■ Work to be completed ■
From the line containing "Description: _8_ pounds" through the last line of the records below, output every line exactly, both ends included, except the pictures.

[Records from a dataset]
════════

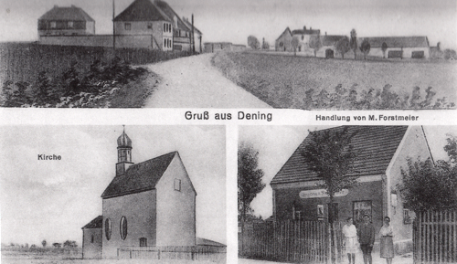 Ansichtskarte aus den 1920er-Jahren; unten links die Schutzkapelle St. Georg und rechts der Spezereiwarenladen von Forstmeiers mit noch ein wenig zaghaft angebrachten Werbeschildern; Scan aus s.o. Oben quer eine Gesamtansicht von Denning mit Blick in Richtung Englschalking. Rechts ist das kleine Häuschen der Forstmeiers zu erkennen, davor das langgezogene Anwesen der Familie Weiss, in dem Rittmeister Jäger seine Pferde einstellte.
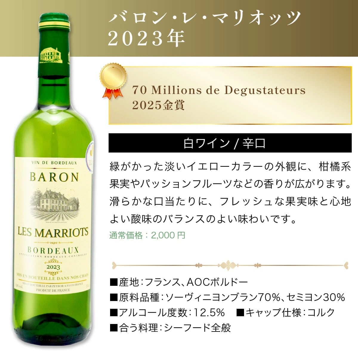 (Baron Les Marriots) 【産地】フランス、AOCボルドー 【色・味わい】白ワイン/辛口 【品種】ソーヴィニヨンブラン70%、セミヨン30% 【Alc】12.5% 【ペアリング】シーフード全般 【コンクール】 70Millions de Degustateurs2025金賞 【キャップ仕様】コルク |
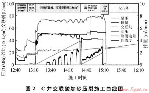 C井的交聯(lián)酸加砂壓裂是國內(nèi)外首次在井深超過5000m、溫度高于140℃地層中成功實現(xiàn)真正的交聯(lián)酸加砂施工,為碳酸鹽巖的儲層改造開拓了新的、更廣闊的途徑,在碳酸鹽巖改造工藝突破的歷史進程中具有里程碑的意義。
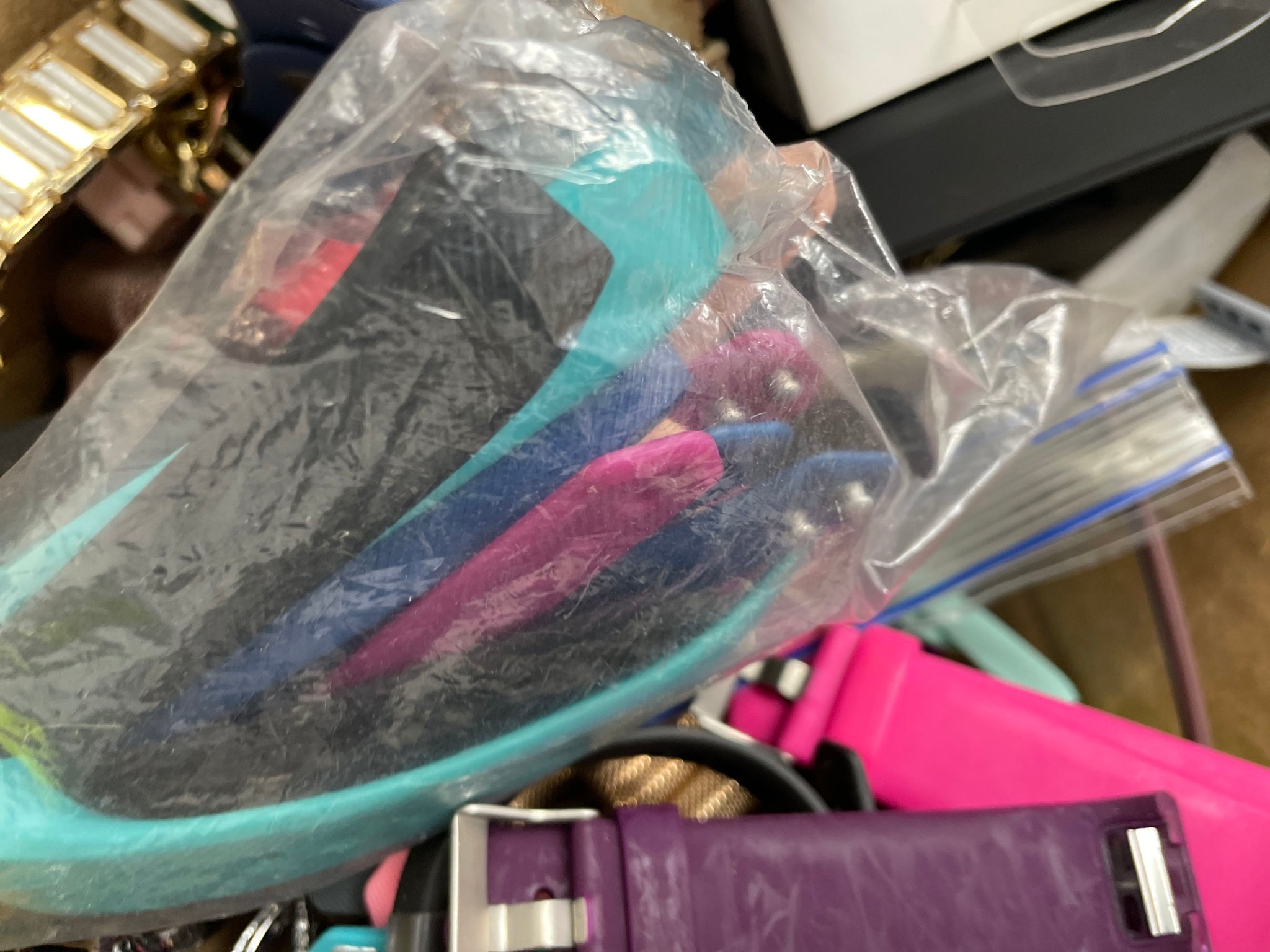 Description: _8_ pounds and _13.7_ ounces of assorted miscellaneous items. This miscellaneous lot may include, but is not limited to, hair accessories, purse hangers, key chains, waist chains, watch parts, compact mirrors, coin purses, votive, temporary tattoos, napkin rings, loose beads, craft string, and other assortments of jewelry making accessories. There may be varying materials including but not limited to silver tone or plated, glass, copper, gold tone or plated, titanium, copper wire, wood, stainless steel, spandex, elastic, mixed metals, plastic, and rhinestones. Please consider the photographs as a part of the description.
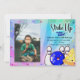"Faisons la fête", carte d'invitation de fête bleue avec espace pour ajouter la photo personnalisée de l'enfant. Cette invitation est sur un fond teinté à l'aspect saisissant (bleu), utilisant des couleurs vives et tendance. Personnages de dessin animé amusants !
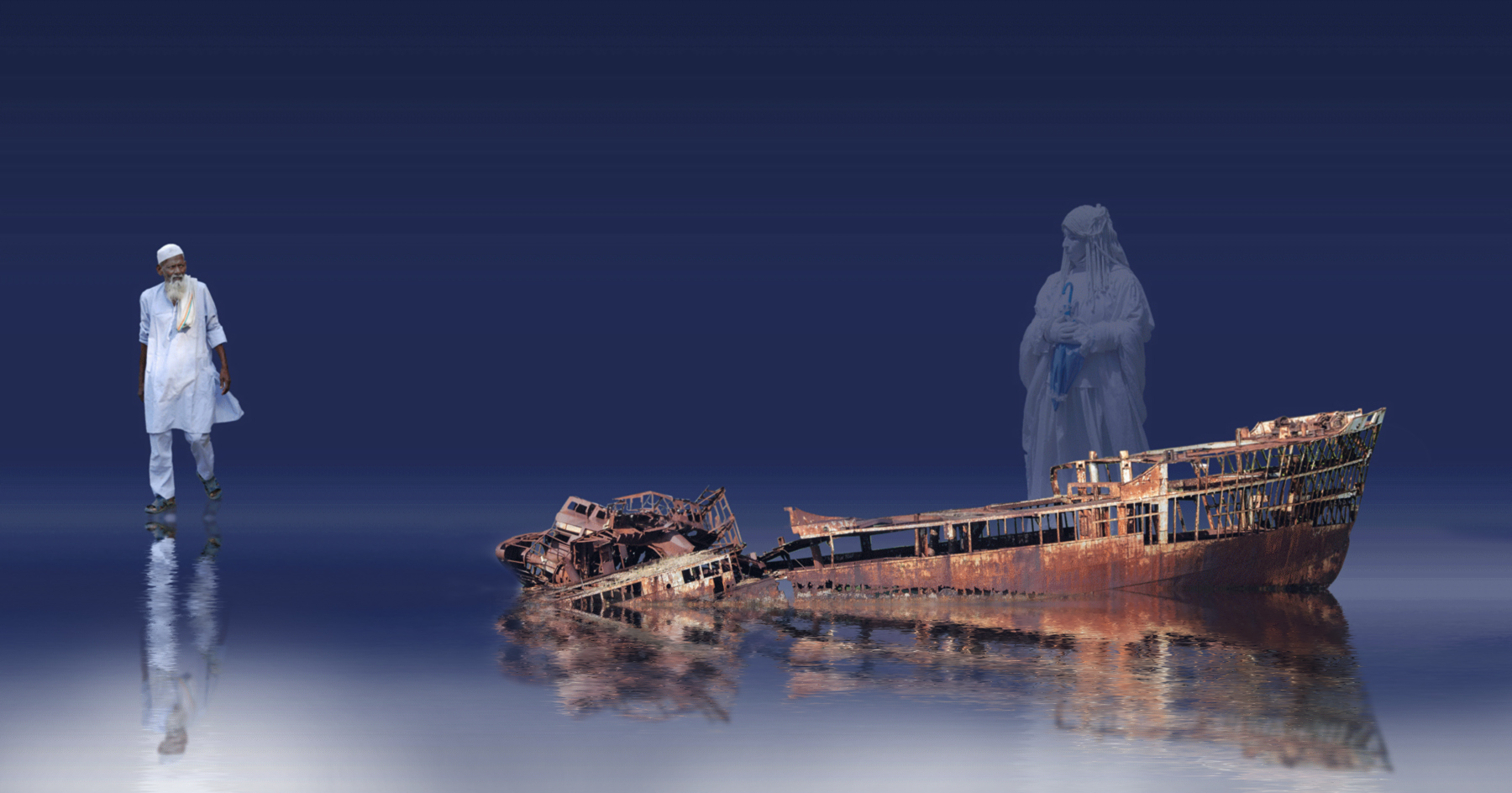The ripples were done very quickly - if I'd had more time I'd have made them more consistent across the image. I had to use three different horizons for the various parts of the image, but with time they can be blended to make it work.

════════

■ Exercise answer ■
 Description: _8_ pounds and _13.7_ ounces of assorted miscellaneous items. This miscellaneous lot may include, but is not limited to, hair accessories, purse hangers, key chains, waist chains, watch parts, compact mirrors, coin purses, votive, temporary tattoos, napkin rings, loose beads, craft string, and other assortments of jewelry making accessories. There may be varying materials including but not limited to silver tone or plated, glass, copper, gold tone or plated, titanium, copper wire, wood, stainless steel, spandex, elastic, mixed metals, plastic, and rhinestones. Please consider the photographs as a part of the description.
"Faisons la fête", carte d'invitation de fête bleue avec espace pour ajouter la photo personnalisée de l'enfant. Cette invitation est sur un fond teinté à l'aspect saisissant (bleu), utilisant des couleurs vives et tendance. Personnages de dessin animé amusants !
The ripples were done very quickly - if I'd had more time I'd have made them more consistent across the image. I had to use three different horizons for the various parts of the image, but with time they can be blended to make it work.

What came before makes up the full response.